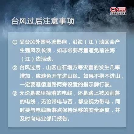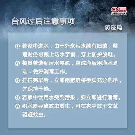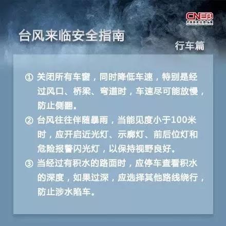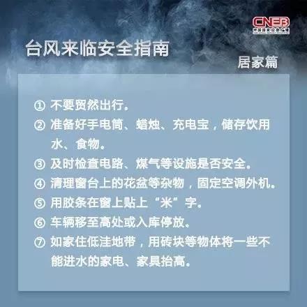 防御指南 1.政府及相關部門按照職責做好防臺風搶險應急工作。 2.相關水域水上作業(yè)和過往船舶應當回港避風,加固港口設施,防止船舶走錨、擱淺和碰撞。 3.停止室內外大型集會和高空等戶外危險作業(yè)。 4.加固或者拆除易被風吹動的搭建物,人員切勿隨意外出,應盡可能待在防風安全的地方,確保老人小孩留在家中最安全的地方,危房人員及時轉移。當臺風中心經過時風力會減小或者靜止一段時間,切記強風將會突然吹襲,應當繼續(xù)留在安全處避風,危房人員及時轉移。 5.相關地區(qū)應當注意防范強降水可能引發(fā)的山洪、地質災害。 科普一下
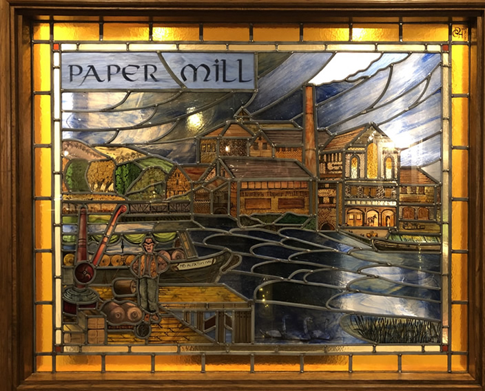 On entry you’re faced with a wonderful stained glass window which shares the history of the building; from the local stories it used to be the Paper Mill’s office.
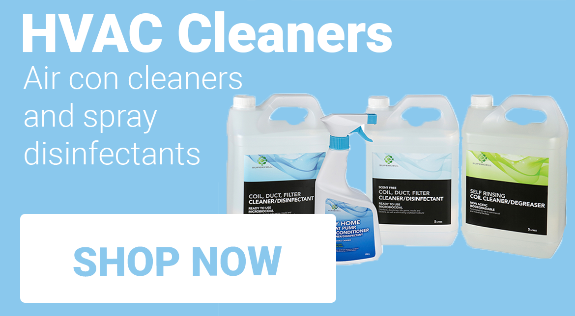 Supercell formulated commercial cleaners & disinfectants for air conditioning and refrigerant plant.
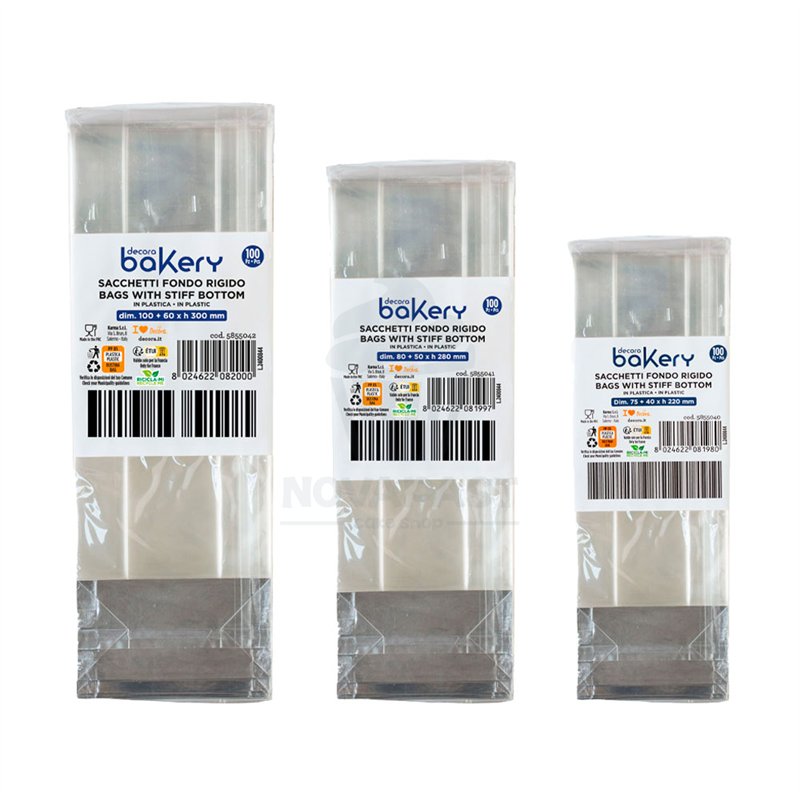 Les DECORA 100 BOLSAS CELOFAN FONDO RIGIDO sont l'accessoire idéal pour tous vos besoins en emballage, que ce soit pour des occasions spéciales ou pour un usage quotidien. Ces sacs en cellophane sont conçus pour offrir une présentation élégante et professionnelle à vos produits de pâtisserie et de boulangerie.
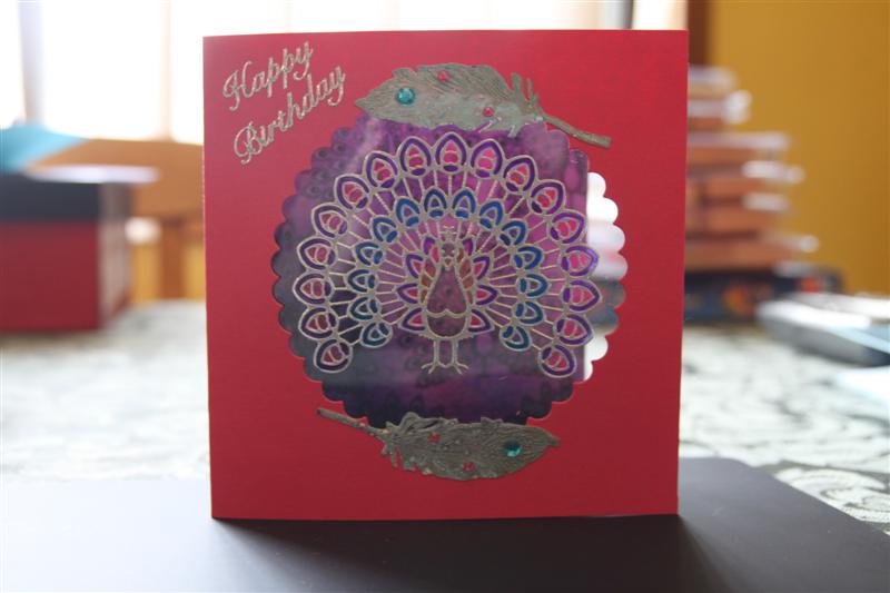 Hi, its been a busy couple of days, but I have finally got some time to sit and create, so the dining table is covered with papers and stamps, and my mind is busy ticking over. I saw a beautiful card on Kays site (link on the right) from her friend Judith, and I am going to pinch a couple of her ideas to make my cards tonight. But for now I want to show you a card that I made intending to give to Kay for her birthday, but ended up giving her a different one. This one will be kept for my other sisters birthday in October.I used stampin up cardstock – melon mambo – Die cut a circle in the front, and attached a window of acetate. I stuck on an outline sticker of a peacock and coloured it with sakura aqualip pens. I stamped a couple of feathers from stampin ups Natures Nest and silver embossed them, cut them out and attached them to the front .A bit of bling and Done!
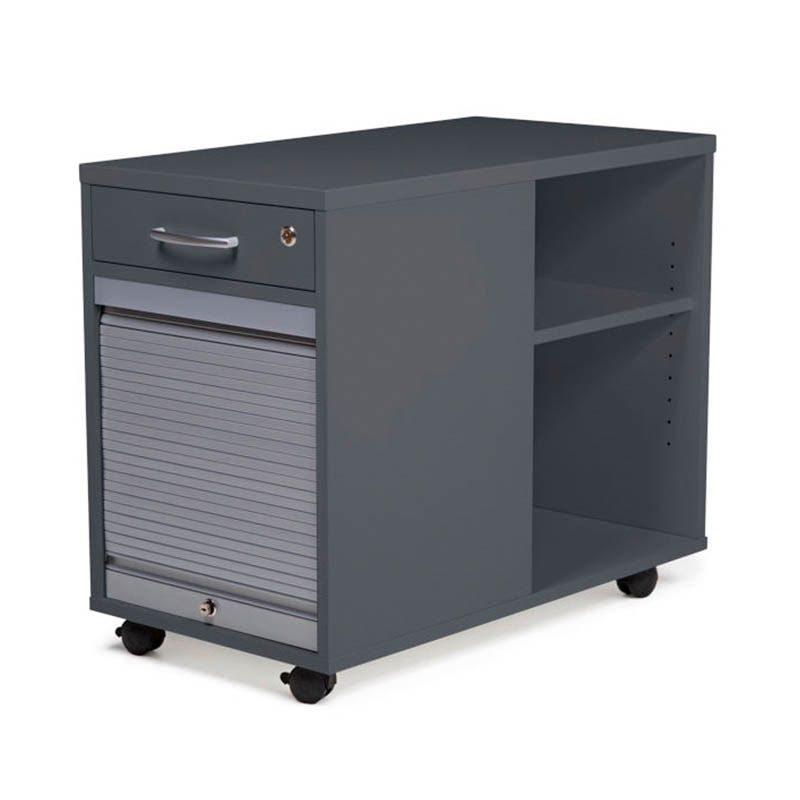 Skuffeelement Ulen med hylder og jalousi, åben ryg, mørkegrå. Fleksibel skuffeelement med skuffe och jalousiskab i laminat alternativt i finér. Åben ryg for let opbevaring. Flytbare hylder. Leveres monteret, kun håndtag og hjul eftermonteres
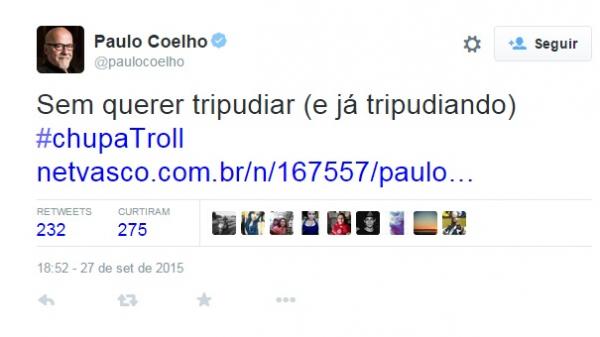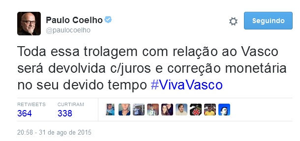 Paulo Coelho @paulocoelho Toda essa trolagem com relação ao Vasco será devolvida c/juros e correção monetária no seu devido tempo #VivaVasco
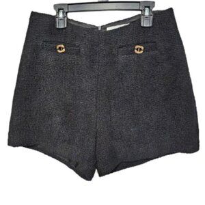 Ba&sh Lady Tweed Wool Shorts – Black with Gold-Tone Buttons – Size 1 (US Small / 4)
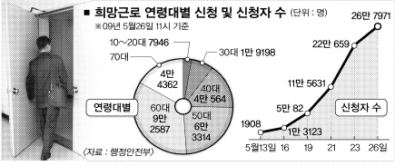 실직자 등 저소득층에게 6개월간 일자리를 제공하는 희망근로 프로젝트사업 신청자 수가 목표치인 25만명을 훌쩍 뛰어넘어 27만명에 육박하고 있다. 하지만 절반 이상이 60~70대 고령자인 데다 30대 이하 청년실업자 지원율은 10%에 불과해 도입 취지가 퇴색했다는 지적이다.●목표치 25만명 넘어 27만명 육박

* * * * * * * * *

_PROBLEM TO SOLVE_: Output each entry shown above exactly as it stands, with all pictures removed.

_OUTPUT OF THE TASK_:
 防御指南 1.政府及相關部門按照職責做好防臺風搶險應急工作。 2.相關水域水上作業(yè)和過往船舶應當回港避風,加固港口設施,防止船舶走錨、擱淺和碰撞。 3.停止室內外大型集會和高空等戶外危險作業(yè)。 4.加固或者拆除易被風吹動的搭建物,人員切勿隨意外出,應盡可能待在防風安全的地方,確保老人小孩留在家中最安全的地方,危房人員及時轉移。當臺風中心經過時風力會減小或者靜止一段時間,切記強風將會突然吹襲,應當繼續(xù)留在安全處避風,危房人員及時轉移。 5.相關地區(qū)應當注意防范強降水可能引發(fā)的山洪、地質災害。 科普一下
 On entry you’re faced with a wonderful stained glass window which shares the history of the building; from the local stories it used to be the Paper Mill’s office.
 Supercell formulated commercial cleaners & disinfectants for air conditioning and refrigerant plant.
 Les DECORA 100 BOLSAS CELOFAN FONDO RIGIDO sont l'accessoire idéal pour tous vos besoins en emballage, que ce soit pour des occasions spéciales ou pour un usage quotidien. Ces sacs en cellophane sont conçus pour offrir une présentation élégante et professionnelle à vos produits de pâtisserie et de boulangerie.
 Hi, its been a busy couple of days, but I have finally got some time to sit and create, so the dining table is covered with papers and stamps, and my mind is busy ticking over. I saw a beautiful card on Kays site (link on the right) from her friend Judith, and I am going to pinch a couple of her ideas to make my cards tonight. But for now I want to show you a card that I made intending to give to Kay for her birthday, but ended up giving her a different one. This one will be kept for my other sisters birthday in October.I used stampin up cardstock – melon mambo – Die cut a circle in the front, and attached a window of acetate. I stuck on an outline sticker of a peacock and coloured it with sakura aqualip pens. I stamped a couple of feathers from stampin ups Natures Nest and silver embossed them, cut them out and attached them to the front .A bit of bling and Done!
 Skuffeelement Ulen med hylder og jalousi, åben ryg, mørkegrå. Fleksibel skuffeelement med skuffe och jalousiskab i laminat alternativt i finér. Åben ryg for let opbevaring. Flytbare hylder. Leveres monteret, kun håndtag og hjul eftermonteres
 Paulo Coelho @paulocoelho Toda essa trolagem com relação ao Vasco será devolvida c/juros e correção monetária no seu devido tempo #VivaVasco
 Ba&sh Lady Tweed Wool Shorts – Black with Gold-Tone Buttons – Size 1 (US Small / 4)
 실직자 등 저소득층에게 6개월간 일자리를 제공하는 희망근로 프로젝트사업 신청자 수가 목표치인 25만명을 훌쩍 뛰어넘어 27만명에 육박하고 있다. 하지만 절반 이상이 60~70대 고령자인 데다 30대 이하 청년실업자 지원율은 10%에 불과해 도입 취지가 퇴색했다는 지적이다.●목표치 25만명 넘어 27만명 육박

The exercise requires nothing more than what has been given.